About Candace Barbot

For over 25-plus years in the industry, Candace has held virtually every
visual role: newspaper staff photojournalist, photo editor, new media trainer, multimedia producer, cinematography freelancer, long-form documentary director. Candace covered small-town Florida politics and global crises. She has filed breaking news from disaster scenes and spent years following a single character for a film.

Candace began her career as a Miami Herald staff photojournalist, where she was a key member of news teams that won Pulitzer Prizes in 1993 for coverage of Hurricane Andrew and in 1998 for coverage of the devastating floods in Grand Forks, North Dakota. In 2000, Candace’s most deeply personal photographic project, a look at the poverty and violence ravaging Miami’s Liberty City, was a finalist for the Pulitzer Prize in Feature Photography.

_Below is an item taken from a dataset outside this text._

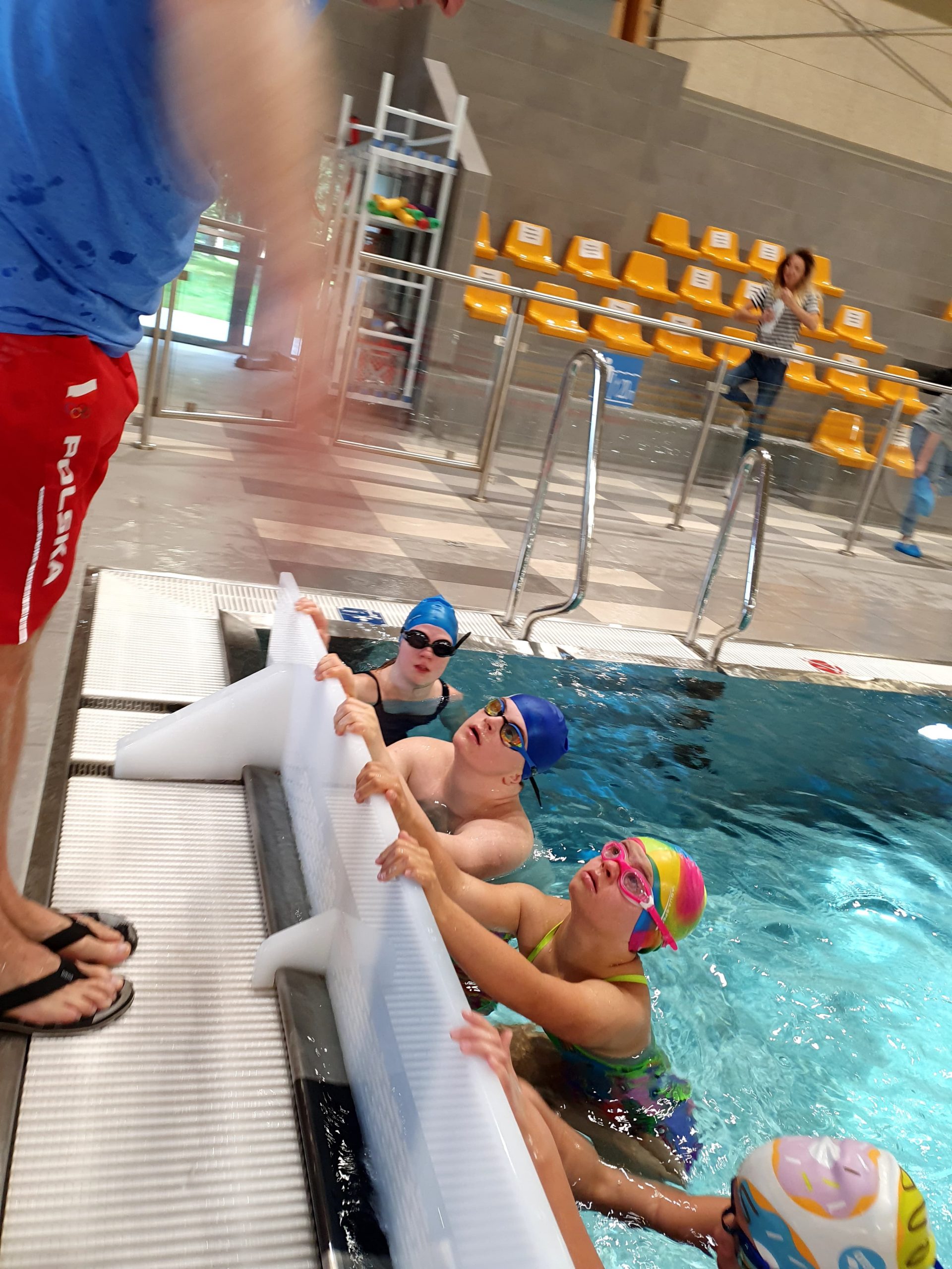 Życzliwość w przekazywaniu zadań pływackich, uważność w korygowaniu błędów oraz entuzjazm po prawidłowym wykonaniu ćwiczenia sprawiły, że Ela, Zosia i Kuba z pełnym zaangażowaniem uczestniczyli w każdej części warsztatów, chłonąc wiedzę i sportową atmosferę, jaka panowała na Basenie Burowiec w Katowicach. Do nas zaś (obserwatorów) wielokrotnie docierały bardzo pozytywne komentarze na temat wysokiego poziomu wyszkolenia naszych zawodników, ich zaangażowania i chęci do współpracy. To mały, ale ważny krok na drodze zmiany postrzegania osób z zespołem Downa przez środowisko trenerów współpracujących z pełnosprawnymi sportowcami. Wierzymy, że wkrótce ta droga doprowadzi nas do upowszechnienia praktyki włączania zawodników z niepełnosprawnością intelektualną do treningów i wszelkich wydarzeń sportowych, które dotychczas zarezerwowane były dla osób pełnosprawnych.

As the Herald evolved into a digital newsroom, Candace embraced emerging technologies and the convergence of media. As one of four founding members of the Herald’s Visual Journalism Department, she helped pioneer the creation of new storytelling models for the newspaper’s online audience. Later, she took on the role of lead trainer for reporters, editors and photographers who were transitioning from traditional print methods to digital storytelling.

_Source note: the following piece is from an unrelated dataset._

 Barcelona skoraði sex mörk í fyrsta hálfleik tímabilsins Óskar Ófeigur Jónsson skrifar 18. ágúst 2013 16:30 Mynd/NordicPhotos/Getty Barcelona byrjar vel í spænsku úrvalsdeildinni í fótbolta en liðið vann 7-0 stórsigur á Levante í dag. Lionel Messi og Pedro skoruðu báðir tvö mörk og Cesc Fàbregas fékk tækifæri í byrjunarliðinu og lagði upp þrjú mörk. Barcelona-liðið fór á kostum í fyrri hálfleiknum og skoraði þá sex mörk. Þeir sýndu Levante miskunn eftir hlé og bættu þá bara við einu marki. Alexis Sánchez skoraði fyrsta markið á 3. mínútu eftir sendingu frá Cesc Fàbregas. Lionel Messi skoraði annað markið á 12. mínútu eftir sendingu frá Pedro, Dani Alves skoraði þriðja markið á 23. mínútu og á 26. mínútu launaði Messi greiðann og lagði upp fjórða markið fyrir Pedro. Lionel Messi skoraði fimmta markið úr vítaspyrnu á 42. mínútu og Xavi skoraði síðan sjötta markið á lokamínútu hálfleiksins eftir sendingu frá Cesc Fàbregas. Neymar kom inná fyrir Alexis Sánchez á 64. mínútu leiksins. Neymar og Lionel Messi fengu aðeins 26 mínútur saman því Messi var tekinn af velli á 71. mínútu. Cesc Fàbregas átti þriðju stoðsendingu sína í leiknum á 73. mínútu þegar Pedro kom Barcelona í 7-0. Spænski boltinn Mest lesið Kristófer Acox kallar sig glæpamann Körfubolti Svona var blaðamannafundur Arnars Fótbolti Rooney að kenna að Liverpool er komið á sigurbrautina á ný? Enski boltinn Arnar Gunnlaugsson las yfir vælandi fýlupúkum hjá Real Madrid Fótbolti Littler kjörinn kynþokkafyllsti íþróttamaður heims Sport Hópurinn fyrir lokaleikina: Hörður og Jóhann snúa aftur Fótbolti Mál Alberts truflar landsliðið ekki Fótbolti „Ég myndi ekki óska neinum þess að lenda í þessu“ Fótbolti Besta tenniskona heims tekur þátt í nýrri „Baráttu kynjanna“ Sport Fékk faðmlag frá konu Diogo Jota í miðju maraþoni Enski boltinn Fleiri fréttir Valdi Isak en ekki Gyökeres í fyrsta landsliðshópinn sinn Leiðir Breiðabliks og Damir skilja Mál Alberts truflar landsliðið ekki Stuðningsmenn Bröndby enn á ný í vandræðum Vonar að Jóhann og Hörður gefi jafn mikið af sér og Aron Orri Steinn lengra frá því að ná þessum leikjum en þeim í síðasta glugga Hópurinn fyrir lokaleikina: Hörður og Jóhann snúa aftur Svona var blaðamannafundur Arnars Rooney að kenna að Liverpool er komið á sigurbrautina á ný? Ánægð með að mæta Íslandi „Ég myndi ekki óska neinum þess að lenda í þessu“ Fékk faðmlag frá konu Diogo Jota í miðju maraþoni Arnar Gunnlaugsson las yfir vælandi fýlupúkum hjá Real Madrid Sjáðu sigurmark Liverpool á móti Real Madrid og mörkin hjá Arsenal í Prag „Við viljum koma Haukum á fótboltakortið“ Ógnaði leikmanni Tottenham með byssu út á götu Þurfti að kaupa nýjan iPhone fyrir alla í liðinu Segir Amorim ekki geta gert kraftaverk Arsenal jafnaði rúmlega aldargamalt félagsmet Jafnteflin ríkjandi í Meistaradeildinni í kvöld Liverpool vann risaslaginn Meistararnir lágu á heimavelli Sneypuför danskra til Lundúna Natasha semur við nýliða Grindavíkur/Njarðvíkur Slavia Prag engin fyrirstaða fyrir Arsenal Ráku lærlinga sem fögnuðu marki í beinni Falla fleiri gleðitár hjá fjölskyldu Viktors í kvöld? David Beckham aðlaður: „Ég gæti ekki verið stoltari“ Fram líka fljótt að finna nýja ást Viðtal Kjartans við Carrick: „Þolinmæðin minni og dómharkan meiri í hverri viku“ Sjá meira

Driven by a desire to diversify her skill set and expand into more thoughtful, less deadline-driven storytelling, Candace left the Herald in 2009 to focus on long-form documentary filmmaking. After graduating with top honors from the School of Visual Arts MFA Social Documentary Film program, Candace began working with accomplished producers in New York. In addition to working for others, she filmed and produced her first feature-length documentary, “Detroit Dog City,” which premiered at the 2015 FREEP Film Festival in Detroit and screened at other festivals within the U.S.